Karl Bjorå Ensemble
Photo by Margit Rønning Omholt
Karl Bjorå, guitar and compositions
Selma French, Hardanger Fiddle, Violin and Voice
Tuva Syvertsen, Hardanger Fiddle, Violin and Voice
Vegard Lien Bjerkan, Piano and Synthesizer
Bárður R. Poulsen, Bass
Andreas Winther, Drums
Karl Bjorå Ensemble is the band of Evje-born guitar player and composer Karl Bjorå.
The musical textures are distinct, almost tactile in their clarity, weaving together elements of jazz and ambient improvisation with accents of Americana, Nordic folk, whispers of rock and post-rock, fleeting glimpses of classicism, and even echoes of hymnal reverence. The instrumentation creates a consistently organic feeling, as though the music has spontaneously grown from a crack in a stone or atop still waters. Even the choices of synthesiser sounds, for example, adhere to the overall resinous, woody and reedy sound.

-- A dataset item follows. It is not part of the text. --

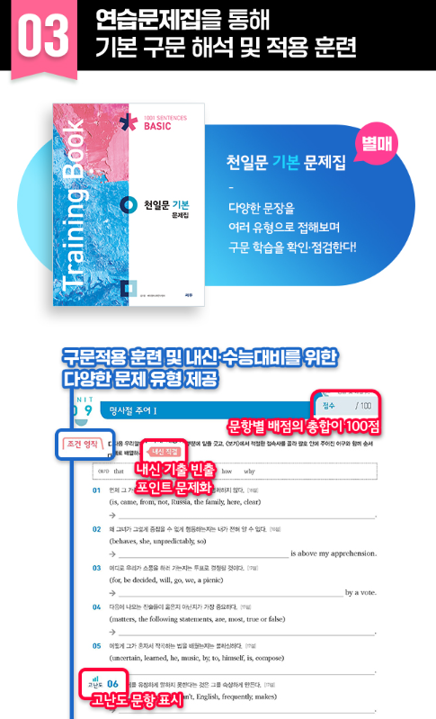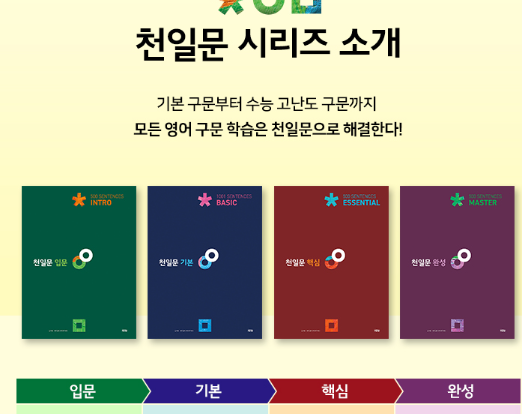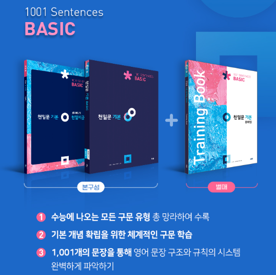 『천일문』은 대표 구문들을 끊어 읽으며 영어 구조를 익히는 것이 특징이며, 빠른 직독직해와 정확한 문장 해석을 할 수 있도록 했다. 『천일문 기본』은 체계적인 구문 개념 학습을 원하는 학생을 위해 제작되었다. 총 1,001개 문장으로 구성되어 있으며, 수능에 나오는 모든 구문의 유형을 총 망라하여 수록되어 있다. 전 문장 끊어 읽기와 구문 분석을 제공하고 있기 때문에 혼자서도 기초를 체계적으로 학습할 수 있다. 수능, 평가원 등 최신 기출 트렌드를 반영했으며, 어법 직결/영작 직결/문장 전환 등의 문제도 수록하였다.

Experimental aspects are embedded deeply within the fabric of the compositions, so fully integrated that they appear as the only means by which the music could have been created. At no point is the musicality sacrificed on an altar of showmanship, but instead these less conventional techniques and sounds become powerful catalysts for expression and improvisational direction. The compositions effortlessly duck and weave, and ebb and flow through their respective soundscapes, alternating between rhythmic and harmonic complexity and simplicity as required. Each piece has its own drama to unfold, its own character, its own personal dogma. Swells and crescendos, brisk transitions between grandeur and quiet humility, dense atmospheres open from, or into, airy open spaces. Tensions build and release. Indeed, the "whimsical" of the title track points to the unifying principles of mercurial exploration, capricious invention, and endless destabilization of expectation that govern the whole project. The album feels like a fully-formed whole, where the disparity of sounds, the various rhythms, the multiple approaches to harmonic development, the structural evolutions and improvisations all coalesce into a uniquely identifiable singular form. It is an album that is courting the notion of its very own genre.